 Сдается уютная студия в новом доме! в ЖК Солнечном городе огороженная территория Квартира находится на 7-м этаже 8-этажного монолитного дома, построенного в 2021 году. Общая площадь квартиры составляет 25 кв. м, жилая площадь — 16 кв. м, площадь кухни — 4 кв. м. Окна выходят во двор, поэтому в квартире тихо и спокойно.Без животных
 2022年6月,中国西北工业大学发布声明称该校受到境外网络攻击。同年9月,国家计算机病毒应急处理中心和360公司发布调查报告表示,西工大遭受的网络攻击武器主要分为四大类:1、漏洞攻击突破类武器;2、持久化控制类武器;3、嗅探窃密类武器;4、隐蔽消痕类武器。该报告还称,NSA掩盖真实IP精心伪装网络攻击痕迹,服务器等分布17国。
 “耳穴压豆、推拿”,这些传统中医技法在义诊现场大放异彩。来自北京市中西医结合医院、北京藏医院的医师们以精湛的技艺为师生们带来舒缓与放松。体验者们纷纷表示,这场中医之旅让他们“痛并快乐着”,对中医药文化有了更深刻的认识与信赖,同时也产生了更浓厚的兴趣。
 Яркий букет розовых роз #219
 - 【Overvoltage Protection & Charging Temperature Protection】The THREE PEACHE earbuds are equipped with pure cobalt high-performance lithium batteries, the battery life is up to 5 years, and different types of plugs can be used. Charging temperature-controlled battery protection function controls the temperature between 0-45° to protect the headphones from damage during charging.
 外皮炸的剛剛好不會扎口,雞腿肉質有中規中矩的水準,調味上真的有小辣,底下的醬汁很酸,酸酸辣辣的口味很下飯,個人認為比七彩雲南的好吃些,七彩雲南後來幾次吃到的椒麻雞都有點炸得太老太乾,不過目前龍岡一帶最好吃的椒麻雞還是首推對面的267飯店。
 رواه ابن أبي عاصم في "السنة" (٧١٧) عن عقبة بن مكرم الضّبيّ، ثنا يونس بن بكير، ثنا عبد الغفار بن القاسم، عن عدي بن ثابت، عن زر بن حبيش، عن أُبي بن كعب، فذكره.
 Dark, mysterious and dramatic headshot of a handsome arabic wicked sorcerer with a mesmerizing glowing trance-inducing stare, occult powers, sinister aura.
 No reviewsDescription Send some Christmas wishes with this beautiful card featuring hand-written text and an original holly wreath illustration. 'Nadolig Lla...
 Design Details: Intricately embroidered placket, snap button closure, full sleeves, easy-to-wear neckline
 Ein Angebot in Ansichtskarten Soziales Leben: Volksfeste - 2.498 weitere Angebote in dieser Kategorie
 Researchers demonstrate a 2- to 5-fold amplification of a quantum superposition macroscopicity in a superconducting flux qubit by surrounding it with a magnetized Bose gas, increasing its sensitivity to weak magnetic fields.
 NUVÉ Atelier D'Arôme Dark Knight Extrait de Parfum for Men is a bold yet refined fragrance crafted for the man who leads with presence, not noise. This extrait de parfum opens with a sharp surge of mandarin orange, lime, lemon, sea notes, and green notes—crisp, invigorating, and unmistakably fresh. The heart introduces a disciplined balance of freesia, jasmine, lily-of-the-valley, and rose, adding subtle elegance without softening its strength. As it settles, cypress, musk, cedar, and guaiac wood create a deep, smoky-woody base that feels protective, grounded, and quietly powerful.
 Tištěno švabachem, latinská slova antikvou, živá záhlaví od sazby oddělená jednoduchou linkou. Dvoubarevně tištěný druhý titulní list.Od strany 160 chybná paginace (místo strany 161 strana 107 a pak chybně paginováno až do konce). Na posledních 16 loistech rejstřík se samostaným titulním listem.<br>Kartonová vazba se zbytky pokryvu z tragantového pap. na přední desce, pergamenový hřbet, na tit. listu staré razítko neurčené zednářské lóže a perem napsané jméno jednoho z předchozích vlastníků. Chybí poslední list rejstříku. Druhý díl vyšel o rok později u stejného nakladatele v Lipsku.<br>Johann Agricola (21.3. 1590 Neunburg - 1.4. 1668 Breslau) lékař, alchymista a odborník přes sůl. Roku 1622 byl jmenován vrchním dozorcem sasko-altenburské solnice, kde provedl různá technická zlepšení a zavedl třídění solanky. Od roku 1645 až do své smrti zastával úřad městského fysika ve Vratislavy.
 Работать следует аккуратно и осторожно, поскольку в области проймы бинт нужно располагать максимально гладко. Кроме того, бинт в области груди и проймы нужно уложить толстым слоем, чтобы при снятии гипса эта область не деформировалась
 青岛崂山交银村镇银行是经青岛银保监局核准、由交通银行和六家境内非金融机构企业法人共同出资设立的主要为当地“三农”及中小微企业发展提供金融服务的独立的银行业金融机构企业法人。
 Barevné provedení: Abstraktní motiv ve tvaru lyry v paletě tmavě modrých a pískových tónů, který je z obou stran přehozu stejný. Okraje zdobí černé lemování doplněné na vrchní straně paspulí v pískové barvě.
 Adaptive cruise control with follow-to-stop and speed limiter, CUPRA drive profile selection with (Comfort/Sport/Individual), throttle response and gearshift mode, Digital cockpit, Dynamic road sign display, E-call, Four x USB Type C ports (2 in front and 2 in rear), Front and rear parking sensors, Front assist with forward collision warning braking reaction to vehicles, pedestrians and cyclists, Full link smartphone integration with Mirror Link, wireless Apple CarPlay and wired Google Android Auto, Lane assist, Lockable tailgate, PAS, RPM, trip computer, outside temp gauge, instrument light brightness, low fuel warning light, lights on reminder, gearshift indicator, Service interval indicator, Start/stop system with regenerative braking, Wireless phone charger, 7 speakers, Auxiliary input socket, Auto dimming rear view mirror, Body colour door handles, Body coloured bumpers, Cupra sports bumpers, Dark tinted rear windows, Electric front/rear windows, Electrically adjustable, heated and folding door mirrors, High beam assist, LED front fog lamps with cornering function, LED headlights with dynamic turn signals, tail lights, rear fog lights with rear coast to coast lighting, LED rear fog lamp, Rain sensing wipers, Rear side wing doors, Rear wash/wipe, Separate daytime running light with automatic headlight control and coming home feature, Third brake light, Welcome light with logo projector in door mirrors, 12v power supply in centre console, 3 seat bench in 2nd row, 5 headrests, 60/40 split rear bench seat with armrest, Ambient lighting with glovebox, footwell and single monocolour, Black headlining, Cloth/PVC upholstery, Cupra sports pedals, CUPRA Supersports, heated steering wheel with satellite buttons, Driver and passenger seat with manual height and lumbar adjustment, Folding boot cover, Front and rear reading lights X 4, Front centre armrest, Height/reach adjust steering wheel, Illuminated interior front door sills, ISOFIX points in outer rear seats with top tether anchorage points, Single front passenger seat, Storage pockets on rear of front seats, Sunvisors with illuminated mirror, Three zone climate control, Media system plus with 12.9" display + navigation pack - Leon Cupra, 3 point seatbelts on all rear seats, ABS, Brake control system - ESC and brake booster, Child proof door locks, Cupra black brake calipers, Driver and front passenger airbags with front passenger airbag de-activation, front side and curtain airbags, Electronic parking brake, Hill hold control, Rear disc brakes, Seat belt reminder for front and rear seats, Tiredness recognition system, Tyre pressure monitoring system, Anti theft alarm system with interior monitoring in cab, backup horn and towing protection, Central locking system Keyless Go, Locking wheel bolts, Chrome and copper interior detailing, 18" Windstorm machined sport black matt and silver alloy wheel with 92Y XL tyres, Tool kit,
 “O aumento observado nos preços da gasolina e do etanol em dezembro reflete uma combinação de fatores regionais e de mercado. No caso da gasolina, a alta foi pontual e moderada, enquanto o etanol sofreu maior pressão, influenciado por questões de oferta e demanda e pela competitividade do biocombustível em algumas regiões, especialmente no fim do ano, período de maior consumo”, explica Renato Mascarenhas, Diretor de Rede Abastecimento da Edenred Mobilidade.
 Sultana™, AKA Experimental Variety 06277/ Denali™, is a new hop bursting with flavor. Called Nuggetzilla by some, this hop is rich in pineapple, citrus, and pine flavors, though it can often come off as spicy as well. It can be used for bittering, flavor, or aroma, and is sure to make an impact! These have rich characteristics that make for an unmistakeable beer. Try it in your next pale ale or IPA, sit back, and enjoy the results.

- _WHAT IS REQUIRED_
Using the listing above, show each line with the word "used" in it.

- _SOLUTION TO THIS PROBLEM_
 - 【Overvoltage Protection & Charging Temperature Protection】The THREE PEACHE earbuds are equipped with pure cobalt high-performance lithium batteries, the battery life is up to 5 years, and different types of plugs can be used. Charging temperature-controlled battery protection function controls the temperature between 0-45° to protect the headphones from damage during charging.
 Sultana™, AKA Experimental Variety 06277/ Denali™, is a new hop bursting with flavor. Called Nuggetzilla by some, this hop is rich in pineapple, citrus, and pine flavors, though it can often come off as spicy as well. It can be used for bittering, flavor, or aroma, and is sure to make an impact! These have rich characteristics that make for an unmistakeable beer. Try it in your next pale ale or IPA, sit back, and enjoy the results.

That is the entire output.